A new AI (Artificial intelligence) analysis reveals that man-made climate change is already affecting around 85% of the world’s population in one way or another.

A publication in the Nature Climate Change journal, made by a total of 19 researchers and collaborators, adds more fuel to the climate change debate and adds more evidence to the stance that climate change isn’t speedily heading our way: it’s already here. To be fair, calling the entire exchange a debate seems to posit that either side could be correct. That, frankly, is very incorrect. Climate change is a fact, not a hypothesis, and the fact that its effects are already running rampant has been put forth by many notable scientists and organizations across the world. The United Nations even went so far as to call a press conference, with the current General Secretary Antonio Guterres declaring that unless we were to change our pace, humanity’s time on this planet would be fraught with endless problems.
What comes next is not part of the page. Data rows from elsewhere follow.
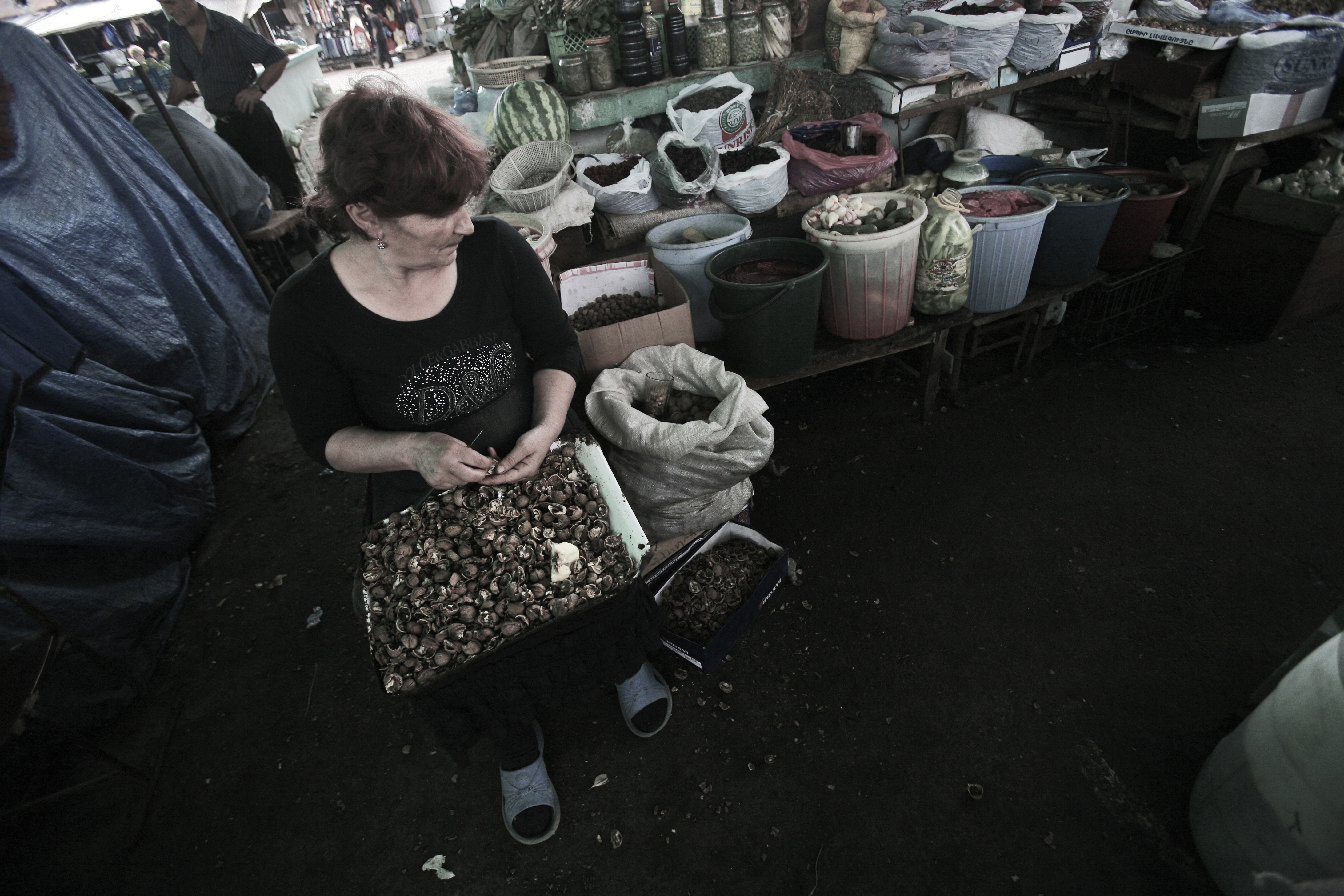 A saleswoman cracks nuts in a food market in Stepanakert. With a population of 140.000, the majority being Armenians, Nagorno Karabakh Republic aims to achieve political and economical stability. The high unemployment rate, low salaries and the lack of opportunities for the youngsters make the unrecognized republic to be a hard place to live. Stepanakert, Nagorno-Karabakh, 20 September 2008.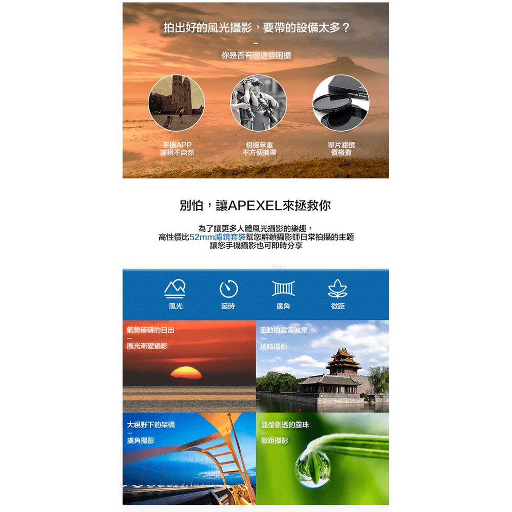 APEXEL 七合一漸變外接手機濾鏡-APL-52UV-7G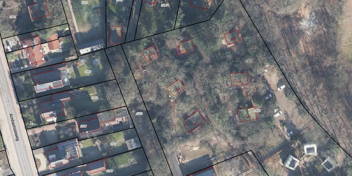 Het adres is gelegen op perceel 1465 in de sectie B en de kadastrale gemeente Otterlo. De kadastrale aanduiding is aldus OTL02-B-1465. Het perceel is kleiner dan gemiddeld in Otterlo. Het perceel is 1,3 ha groot, terwijl het gemiddelde ligt op 2,7 ha. De grootste perceeloppervlakte in de kadastrale gemeente is 11,55 km². De kleinste oppervlakte bedraagt 0 m². Er zijn 13 adressen aanwezig op het perceel. In de Basisregistratie Kadaster (BRK) werden de grenzen van het perceel geregistreerd op 06-01-2011.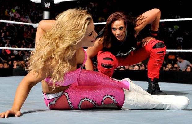 Natalya elbows her way out of it, but before she can be free, Tamina slams her to the mat, probably giving her some epic whiplash. She drives a knee into Natalya’s back and goes for another pin, but it isn’t enough to seal the deal.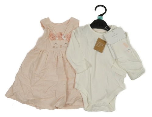 • Nové - 3set - Svetloružové menšestrové šaty s králikmi s květy + biele body + biele pančuchy Mothercare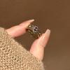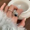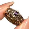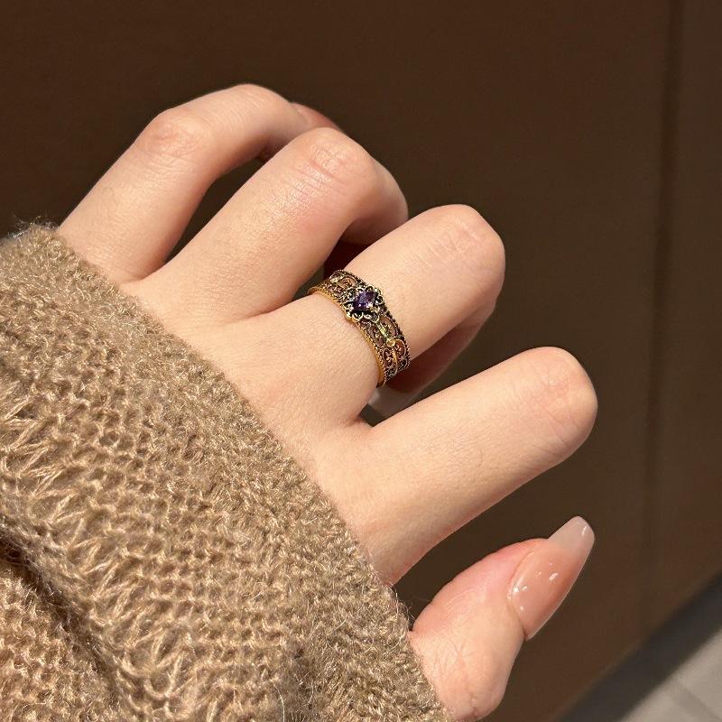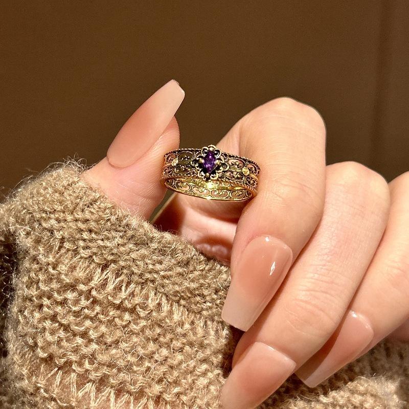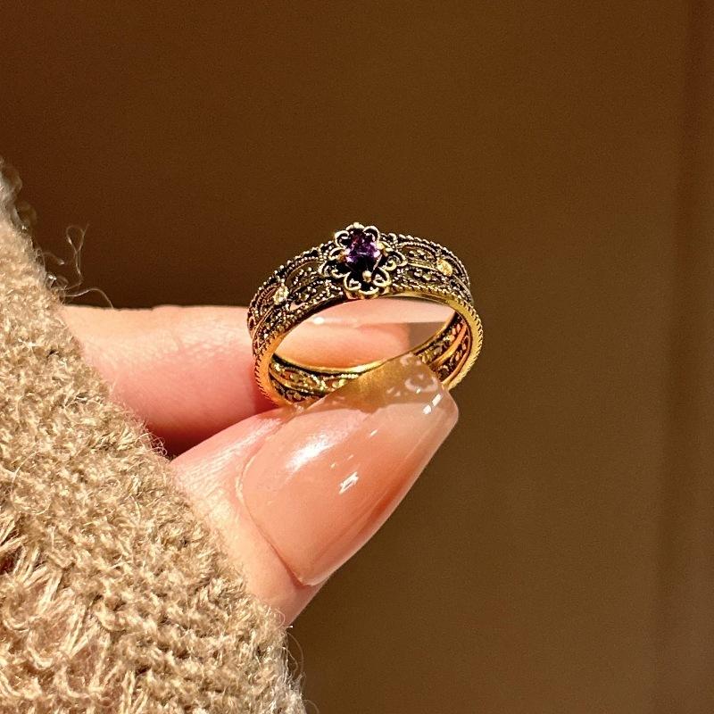 Anillo Geométrico Calado Retro Oro Negro Filigold Diamante Púrpura Diseño de Moda Nicho Sentido del Temperamento Estilo Dulce Cool Anillo Medieval

The research was conducted by utilizing a machine learning program called the BERT language model. Upon being trained by poring over more than 2,000 separate hand coded documents, the AI was then set loose amongst a slew of research papers between the years 1951 and 2018. BERT managed to make its way through over ten thousand documents covering climate change and its effects upon society. More than that, the AI also identified important details such as location and time, which were then mapped out by researchers in order to accurately determine the impact across the globe region by region. The conclusion that 10,000 papers led to? Climate change is affecting individuals. A lot of them. What a surprise.
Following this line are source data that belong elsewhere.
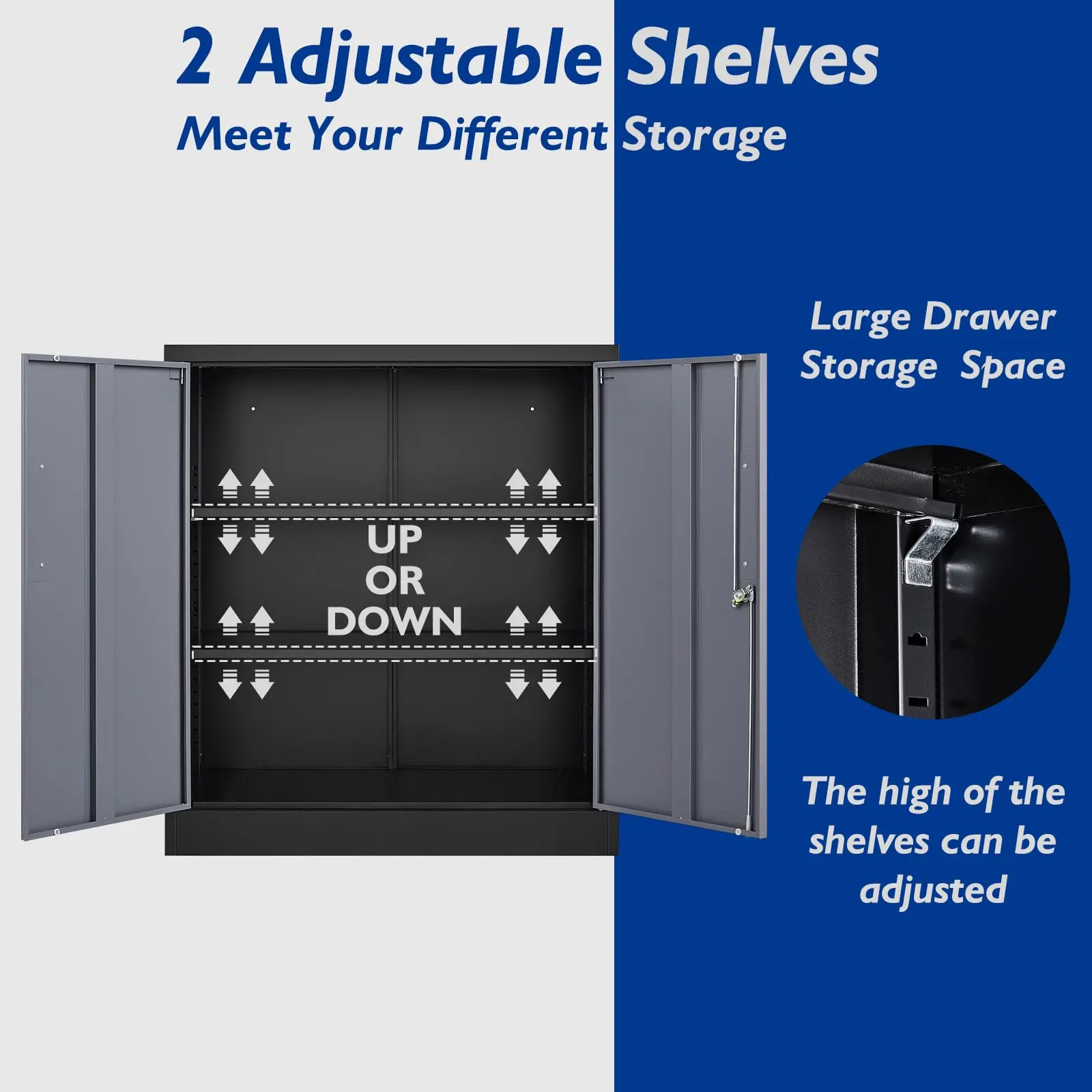 With two adjustable shelves, each shelf can hold up to 120 lbs. This cabinet is perfect for organizing and concealing your belongings.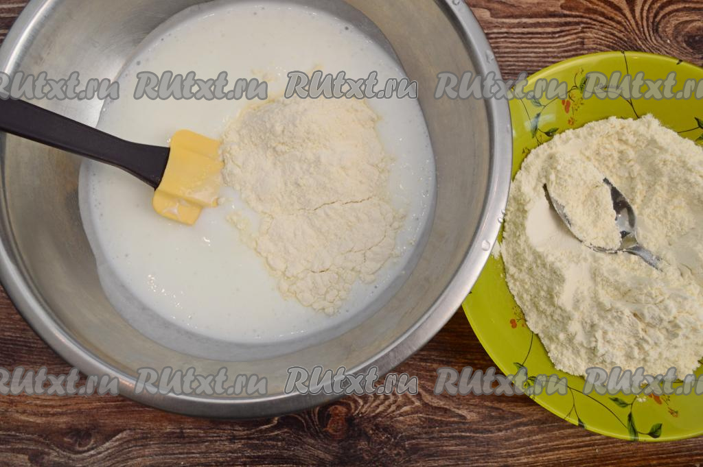 По прошествии 5 минут кефир вступит в реакцию с содой, поэтому смесь увеличится в объёме, поверхность покроется пузырьками. В миску со смесью кефира и соды всыпать соль и 150 грамм муки, перемешать тесто для чуду лопаткой. Затем понемногу подсыпать в тесто оставшуюся муку, очень хорошо вмешивая её. Как только тесто перемешивать лопаткой станет сложно, начать вымешивать его руками.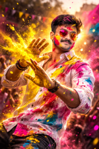 Prompt тАУ Ultra-realistic cinematic Holi action close-up portrait of a stylish young Indian man in a dynamic side pose, wearing colorful reflective sunglasses. SAME energetic pose тАУ head slightly turned to the side, smiling confidently, both hands raised in front of his ce as if shielding himself while vibrant yellow gulal bursts powerfully toward him. He is wearing a white shirt. His face, hair, beard, and white shirt are heavily covered with thick multicolor Holi powders (yellow, pink,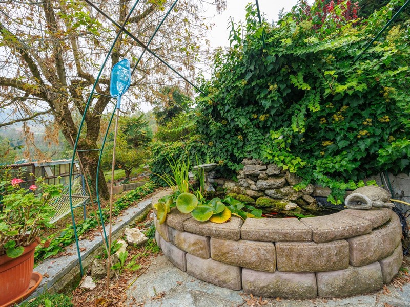 Allesterno, un curato giardino a terrazzamenti circonda la casa e ospita una piscina panoramica che regala unatmosfera di totale relax.

Data analysis revealed that anthropogenic climate change already affects over 80% of the Earth's landmass, which accounts for 85% of the planet's population as well. While that's already very worrying, there's more bad news on the way. Literature on climate change was typically found to be aimed at first world countries, with research in third world countries being relatively sparse. Therefore, with BART having no way to compensate for the difference in data, there's a very good chance that the estimated 85% of our affected population is in and of itself an underestimation.

This very gap in data should call for more research to be conducted in developing countries, if only so the world can have more information about the extent of the damage.